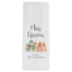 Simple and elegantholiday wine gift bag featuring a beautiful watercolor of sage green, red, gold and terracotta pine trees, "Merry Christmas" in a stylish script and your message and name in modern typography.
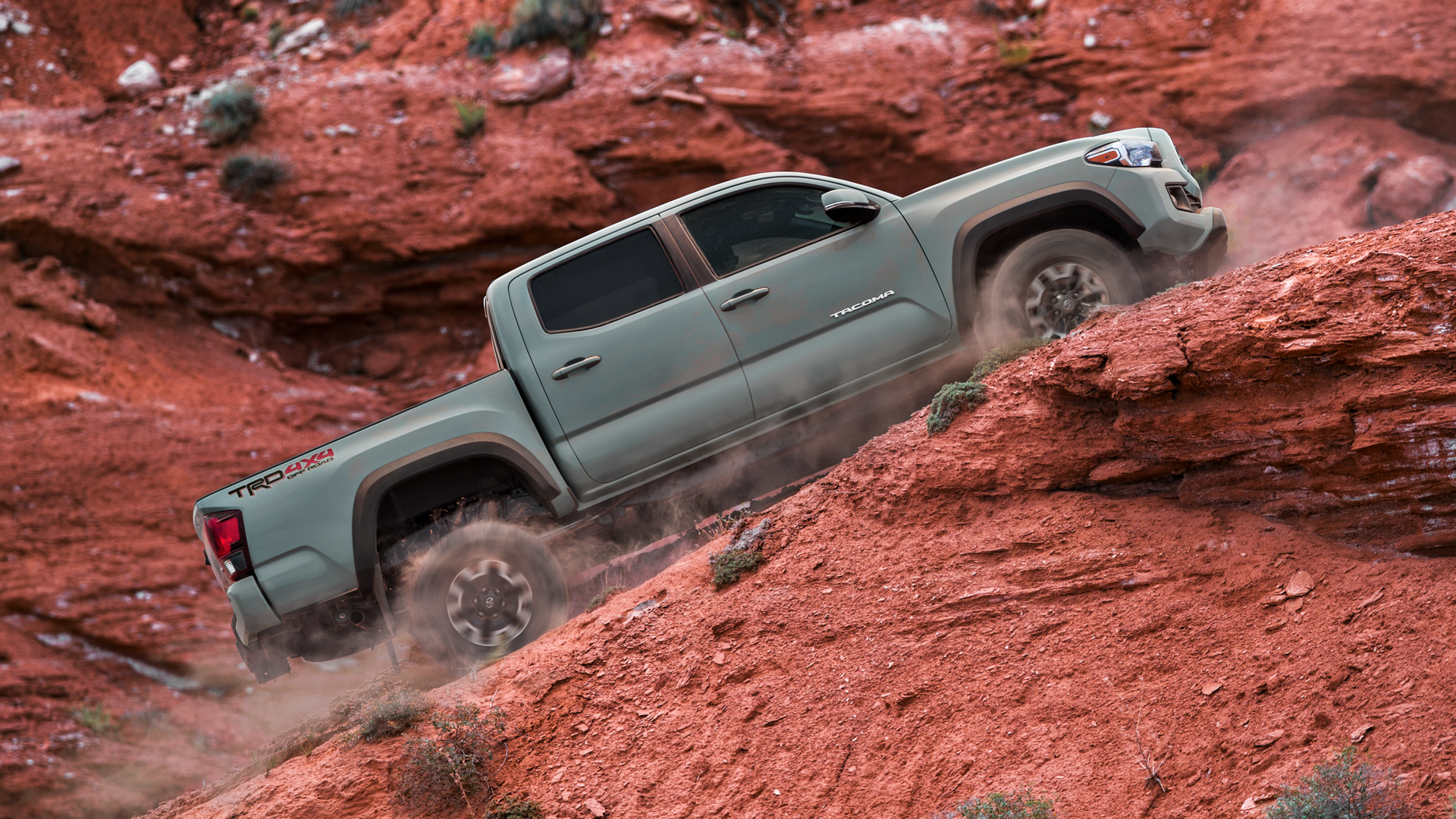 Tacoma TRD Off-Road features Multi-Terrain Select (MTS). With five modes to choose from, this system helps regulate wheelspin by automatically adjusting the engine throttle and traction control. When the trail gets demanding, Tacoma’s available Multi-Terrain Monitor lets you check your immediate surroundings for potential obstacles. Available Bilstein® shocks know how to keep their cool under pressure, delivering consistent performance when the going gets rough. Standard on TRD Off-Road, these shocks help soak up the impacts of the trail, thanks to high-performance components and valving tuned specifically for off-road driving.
★ ★ ★ ★ ★
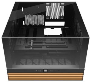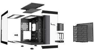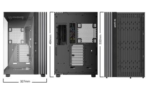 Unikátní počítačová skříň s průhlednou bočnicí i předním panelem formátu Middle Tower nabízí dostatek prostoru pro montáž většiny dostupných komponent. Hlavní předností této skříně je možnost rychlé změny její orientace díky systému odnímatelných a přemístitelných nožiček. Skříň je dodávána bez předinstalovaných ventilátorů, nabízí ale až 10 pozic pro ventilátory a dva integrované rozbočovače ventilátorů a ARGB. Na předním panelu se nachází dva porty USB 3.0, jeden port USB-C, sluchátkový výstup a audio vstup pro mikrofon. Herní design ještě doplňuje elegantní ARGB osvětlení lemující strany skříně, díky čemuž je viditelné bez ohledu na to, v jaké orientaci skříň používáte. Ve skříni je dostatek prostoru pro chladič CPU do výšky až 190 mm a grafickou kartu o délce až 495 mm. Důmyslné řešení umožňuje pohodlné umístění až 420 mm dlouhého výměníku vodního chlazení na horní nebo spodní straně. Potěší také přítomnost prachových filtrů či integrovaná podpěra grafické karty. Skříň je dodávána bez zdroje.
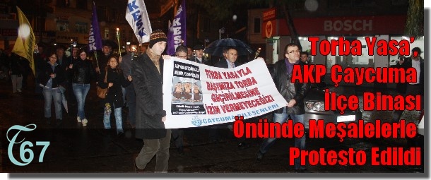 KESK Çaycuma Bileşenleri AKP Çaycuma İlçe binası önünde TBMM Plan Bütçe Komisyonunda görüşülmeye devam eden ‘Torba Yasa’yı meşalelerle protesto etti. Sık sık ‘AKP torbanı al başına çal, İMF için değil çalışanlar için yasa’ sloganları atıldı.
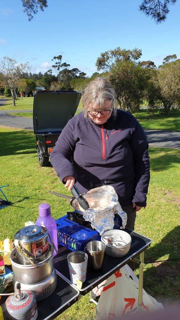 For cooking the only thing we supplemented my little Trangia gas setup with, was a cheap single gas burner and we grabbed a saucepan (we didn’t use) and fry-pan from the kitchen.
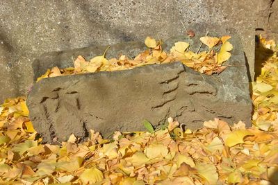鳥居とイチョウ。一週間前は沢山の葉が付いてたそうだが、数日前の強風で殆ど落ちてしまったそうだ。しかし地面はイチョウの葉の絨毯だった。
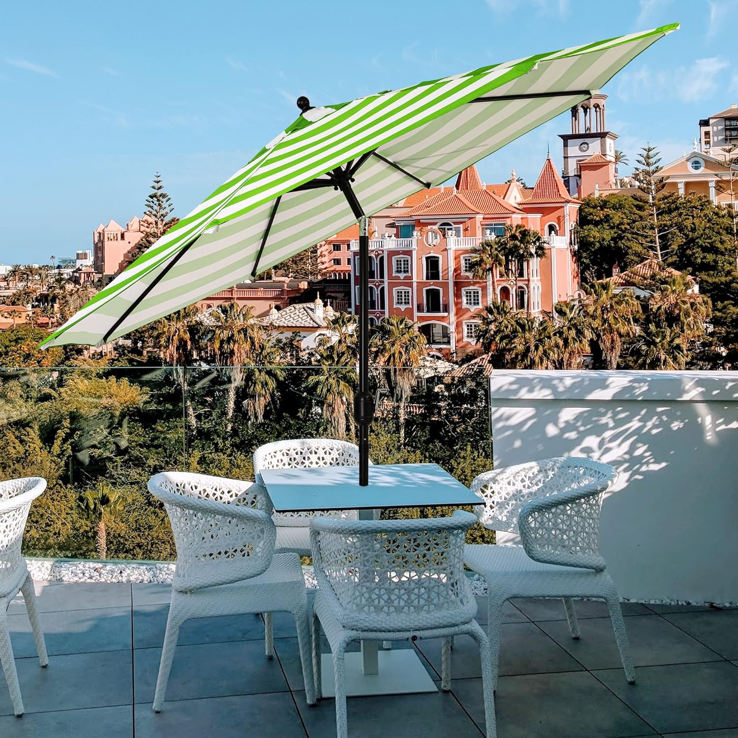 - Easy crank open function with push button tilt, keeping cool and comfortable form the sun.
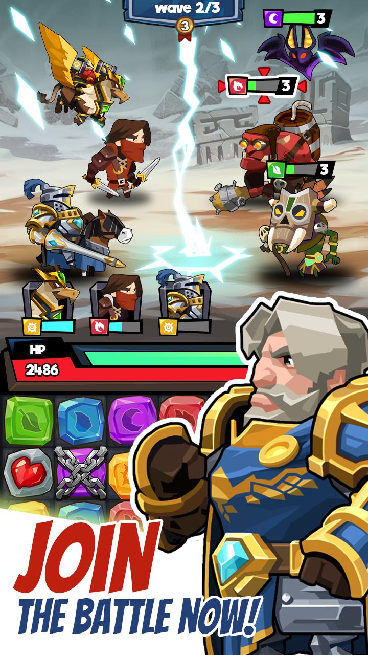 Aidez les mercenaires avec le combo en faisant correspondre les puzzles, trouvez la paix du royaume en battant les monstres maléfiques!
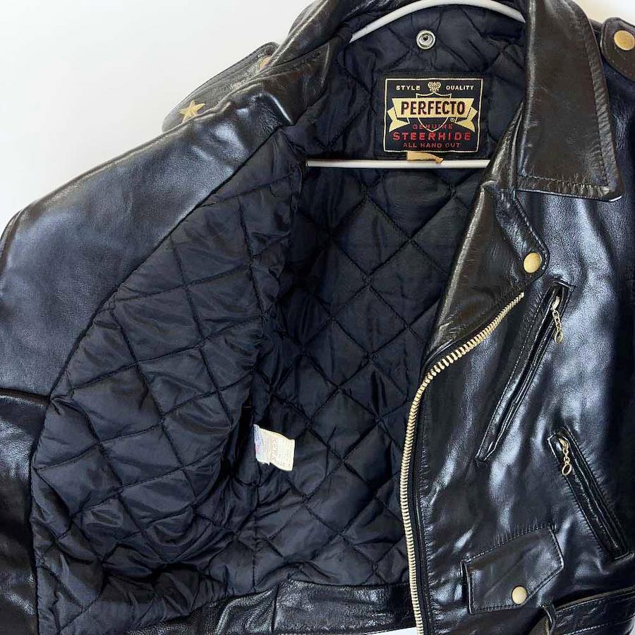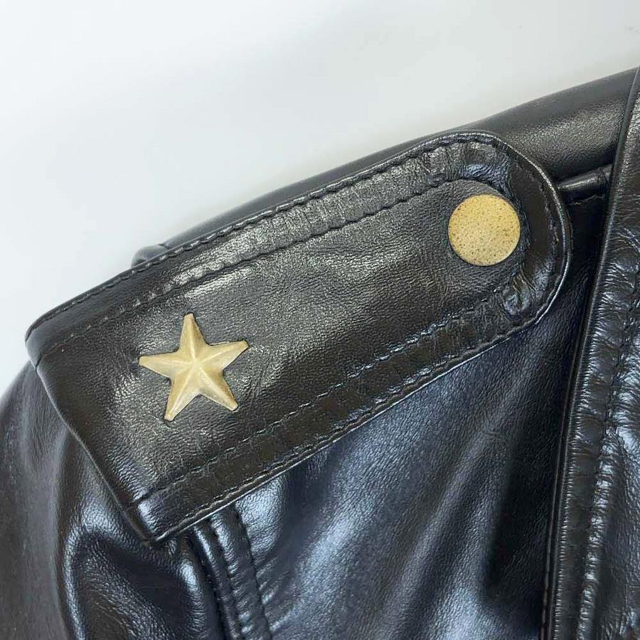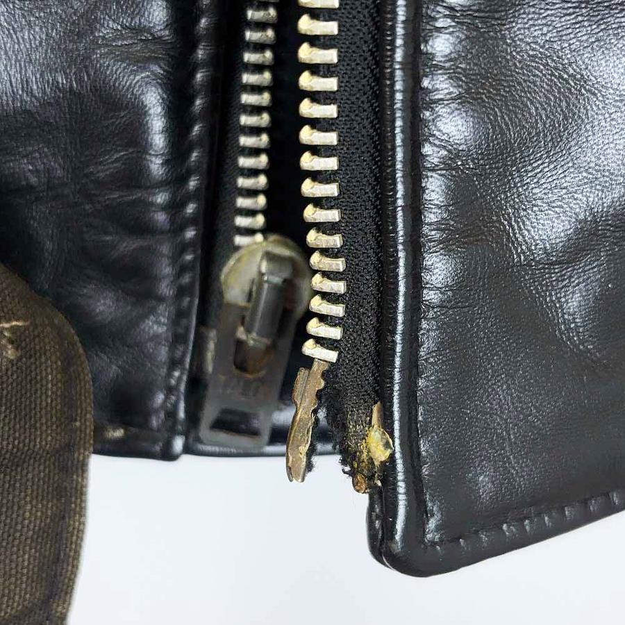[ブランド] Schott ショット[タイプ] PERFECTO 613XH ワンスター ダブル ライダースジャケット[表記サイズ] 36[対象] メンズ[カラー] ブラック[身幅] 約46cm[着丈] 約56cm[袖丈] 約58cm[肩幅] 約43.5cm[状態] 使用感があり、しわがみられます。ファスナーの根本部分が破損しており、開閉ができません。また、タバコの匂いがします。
★ ★ ★ ★ ★
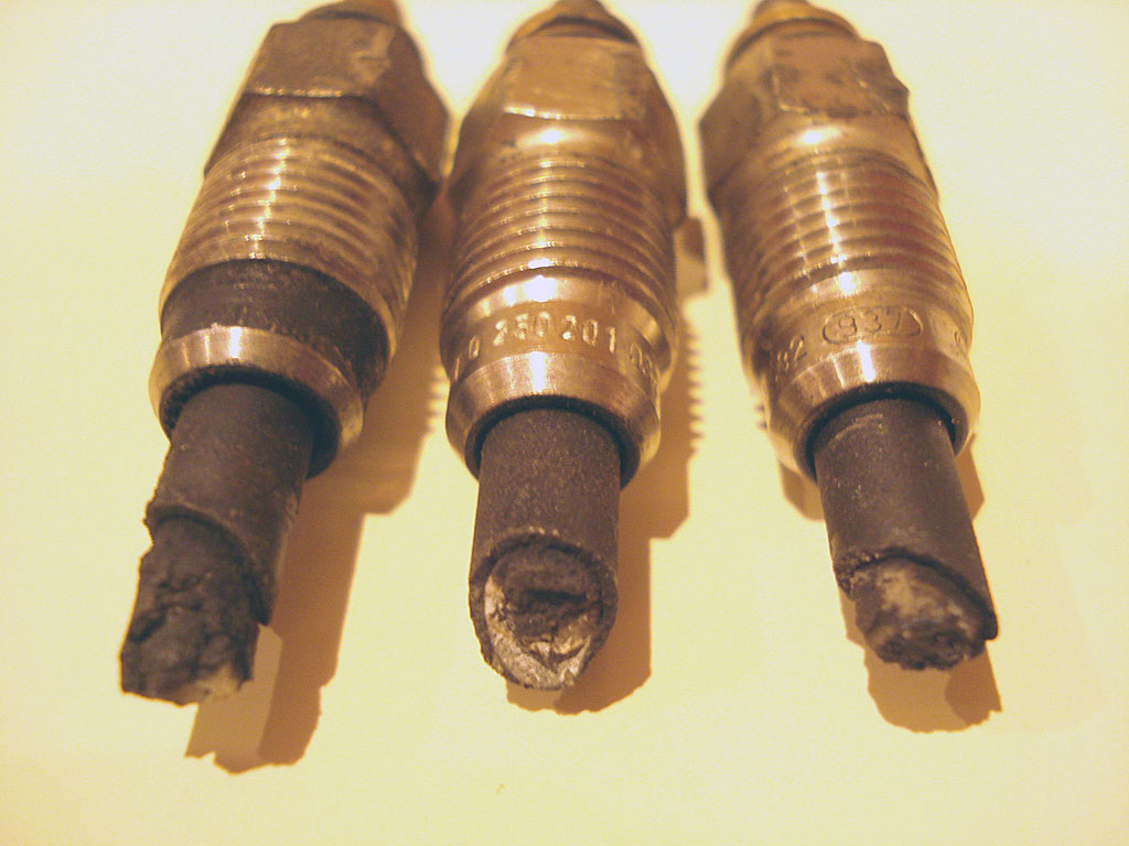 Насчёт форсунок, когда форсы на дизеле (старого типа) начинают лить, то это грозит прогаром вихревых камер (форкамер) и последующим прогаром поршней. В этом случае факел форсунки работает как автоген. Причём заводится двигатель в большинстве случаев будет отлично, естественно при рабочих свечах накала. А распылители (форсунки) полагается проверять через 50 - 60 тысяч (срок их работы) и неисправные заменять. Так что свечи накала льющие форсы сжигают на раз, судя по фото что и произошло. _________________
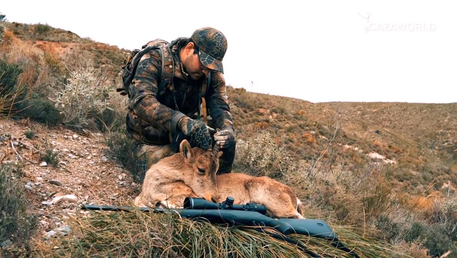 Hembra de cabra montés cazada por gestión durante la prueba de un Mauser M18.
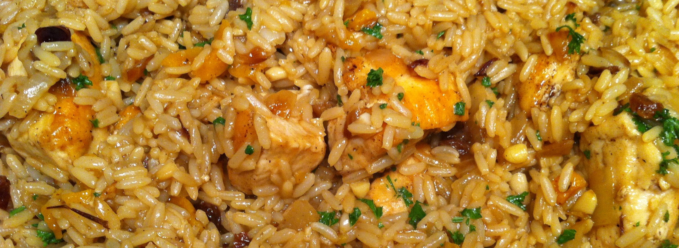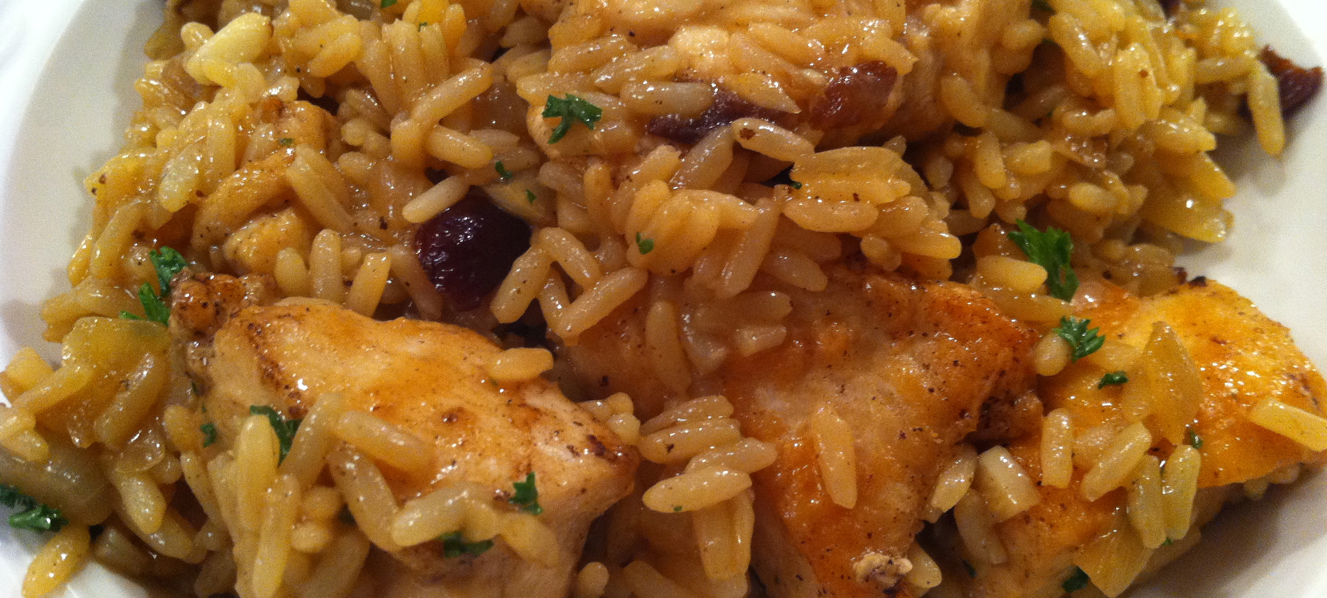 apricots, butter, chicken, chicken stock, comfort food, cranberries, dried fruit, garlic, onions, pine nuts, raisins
★ ★ ★ ★ ★
_PROBLEM TO WORK ON:_
Going by the data above, give back only the lines from the one containing "For cooking the" through the one containing "[ブランド] Schott ショット[タイプ]", exactly as they stand, both ends included and no images.

_ANSWER BELOW:_
 For cooking the only thing we supplemented my little Trangia gas setup with, was a cheap single gas burner and we grabbed a saucepan (we didn’t use) and fry-pan from the kitchen.
鳥居とイチョウ。一週間前は沢山の葉が付いてたそうだが、数日前の強風で殆ど落ちてしまったそうだ。しかし地面はイチョウの葉の絨毯だった。
 - Easy crank open function with push button tilt, keeping cool and comfortable form the sun.
 Aidez les mercenaires avec le combo en faisant correspondre les puzzles, trouvez la paix du royaume en battant les monstres maléfiques!
[ブランド] Schott ショット[タイプ] PERFECTO 613XH ワンスター ダブル ライダースジャケット[表記サイズ] 36[対象] メンズ[カラー] ブラック[身幅] 約46cm[着丈] 約56cm[袖丈] 約58cm[肩幅] 約43.5cm[状態] 使用感があり、しわがみられます。ファスナーの根本部分が破損しており、開閉ができません。また、タバコの匂いがします。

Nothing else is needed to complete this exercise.